How to complete this task: Write out exactly, with both ends included, the lines that run from the line containing "This test assesses" to the end of the entries. Pictures are not part of the answer.

───── Supplied records ─────

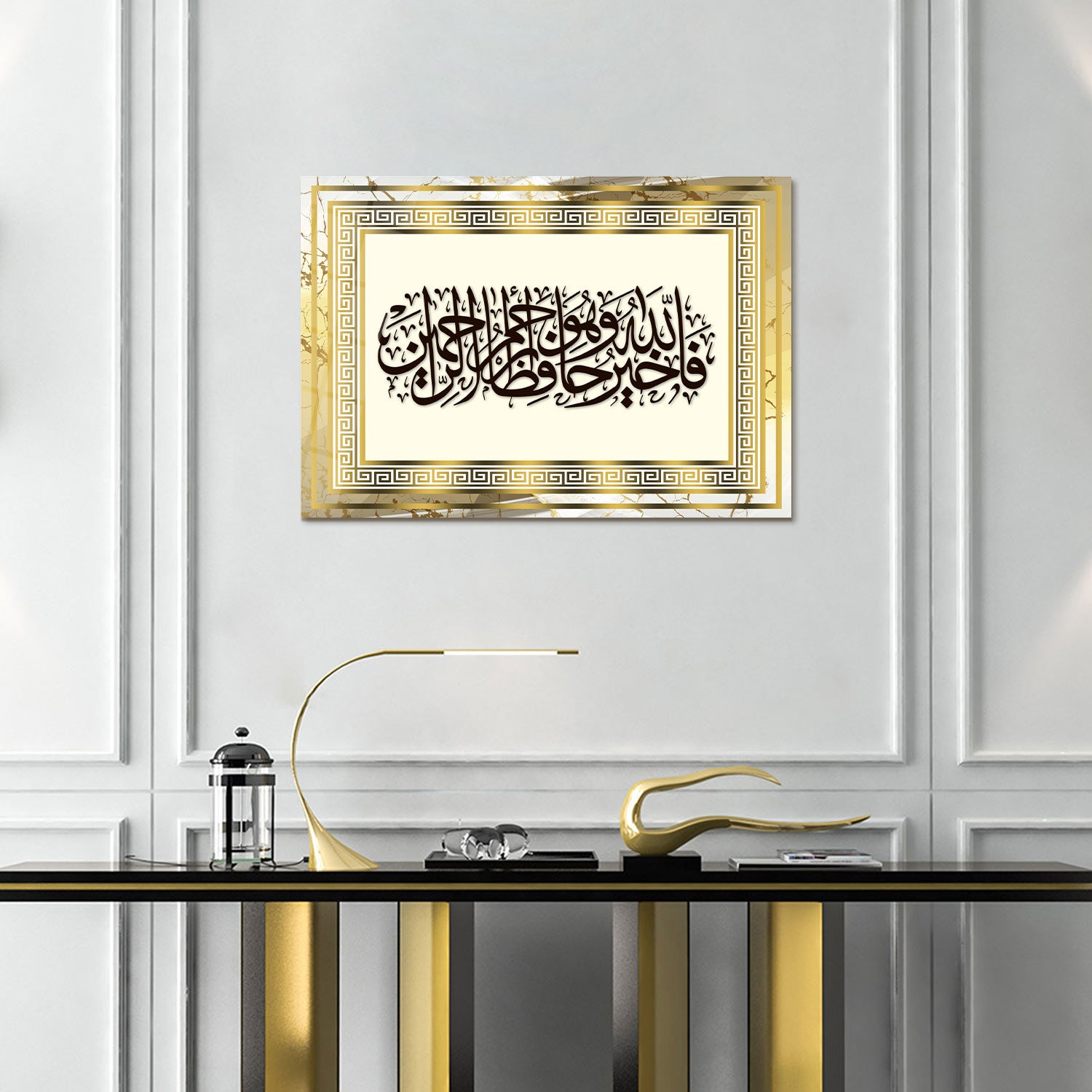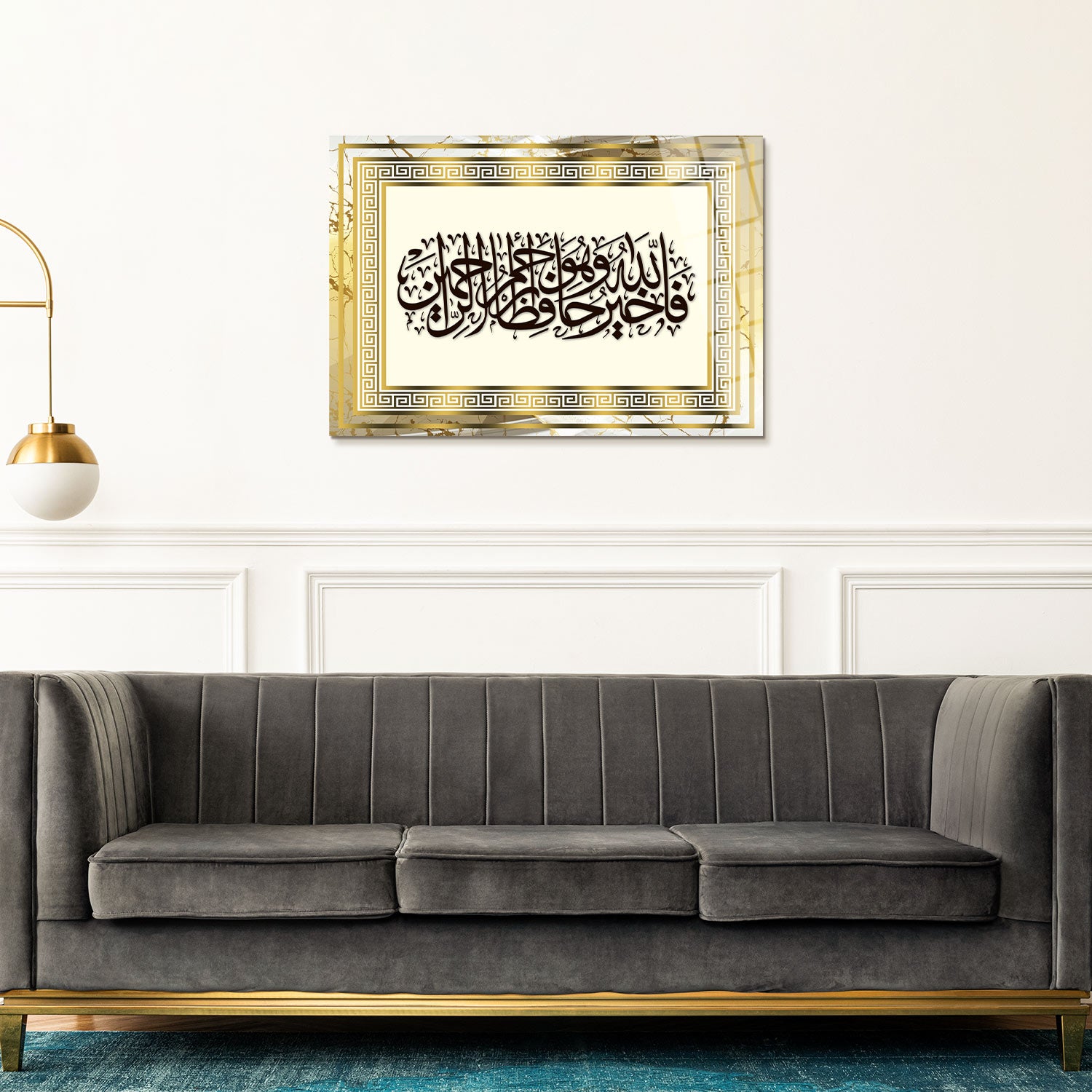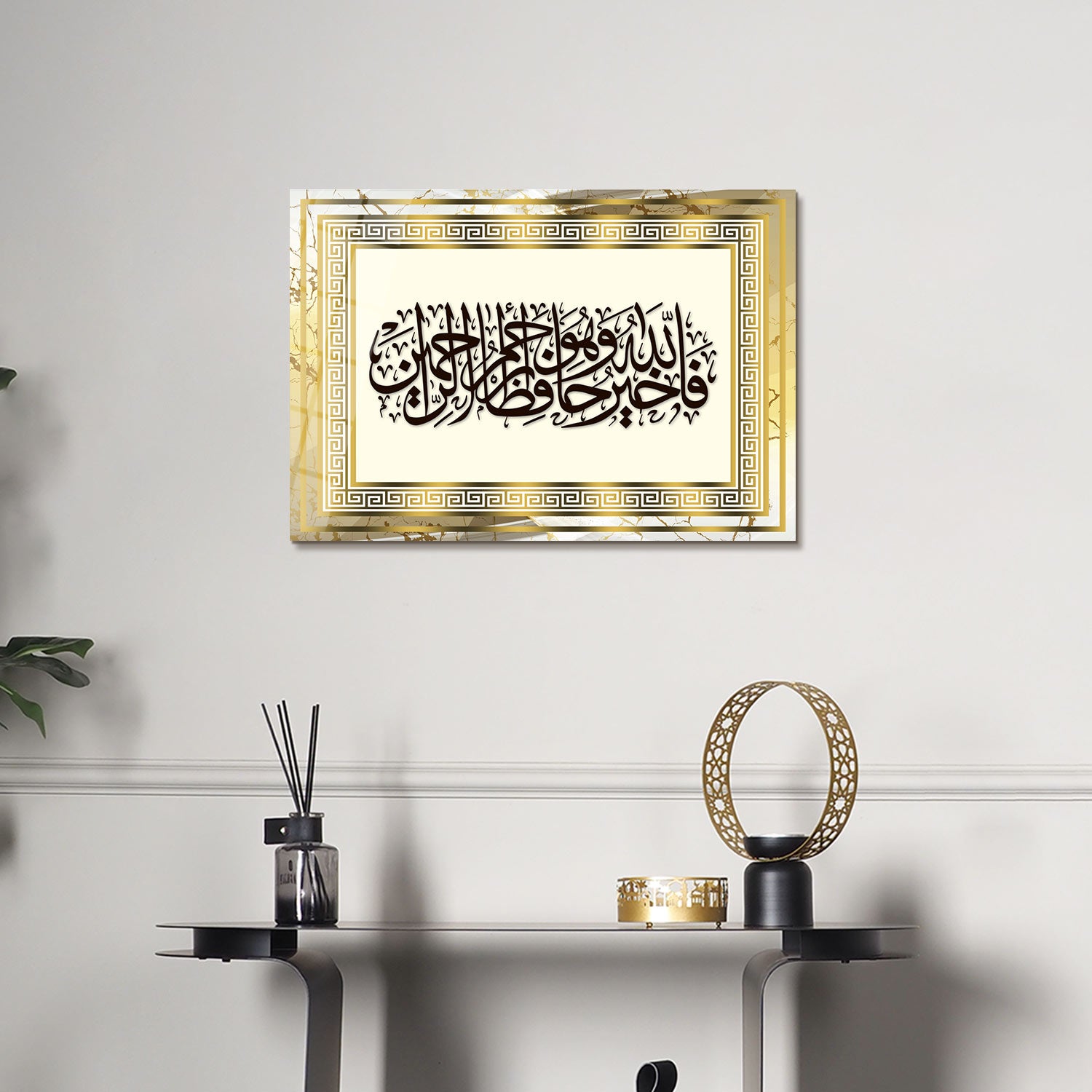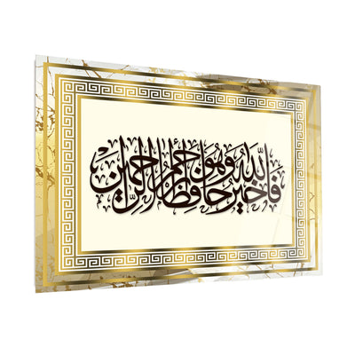 "Allah is the Best Guardian, and Allah is the Most Merciful of the Merciful." Surah Yusuf Glass Islamic Wall Art - WTC009
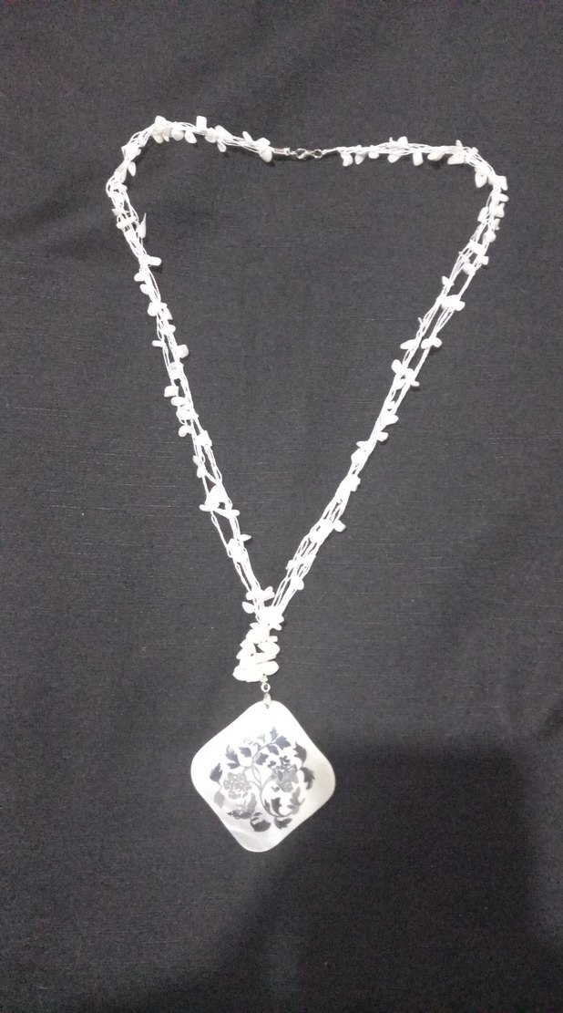 Uzun beyaz işlemeli kolye, detaylı zincir yapısı ve bohem tarzıyla düğünler için uygundur.sedef Gri tonlar retro bir dokunuş katar.
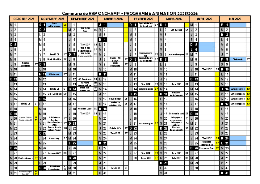 Suite à la réunion des associations du 9 octobre 2025, le calendrier des animations 2025/2026 a été élaboré entre le monde associatif et la commune.
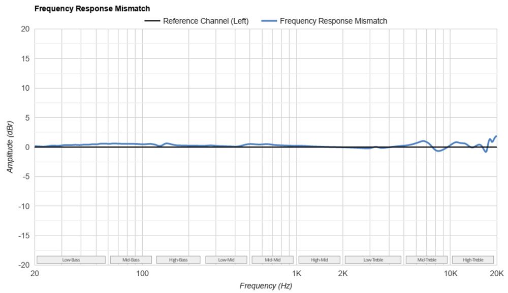 This test assesses the amount of difference or standard deviation between the frequency response produced separately by a unit's left and right drivers. This mismatch results in an uneven stereo image where some frequencies are skewed to the left or right instead of being centered. Frequency response mismatch is similar to amplitude response mismatch, as in they look for the same kind of error, but frequency mismatch does it per frequency, as opposed to amplitude mismatch, which does it per channel.
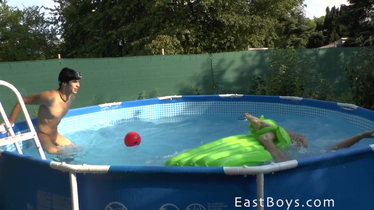 Двое голубых парней летом купаются голышом в открытом бассейне

─────

Written answer:
 This test assesses the amount of difference or standard deviation between the frequency response produced separately by a unit's left and right drivers. This mismatch results in an uneven stereo image where some frequencies are skewed to the left or right instead of being centered. Frequency response mismatch is similar to amplitude response mismatch, as in they look for the same kind of error, but frequency mismatch does it per frequency, as opposed to amplitude mismatch, which does it per channel.
 Двое голубых парней летом купаются голышом в открытом бассейне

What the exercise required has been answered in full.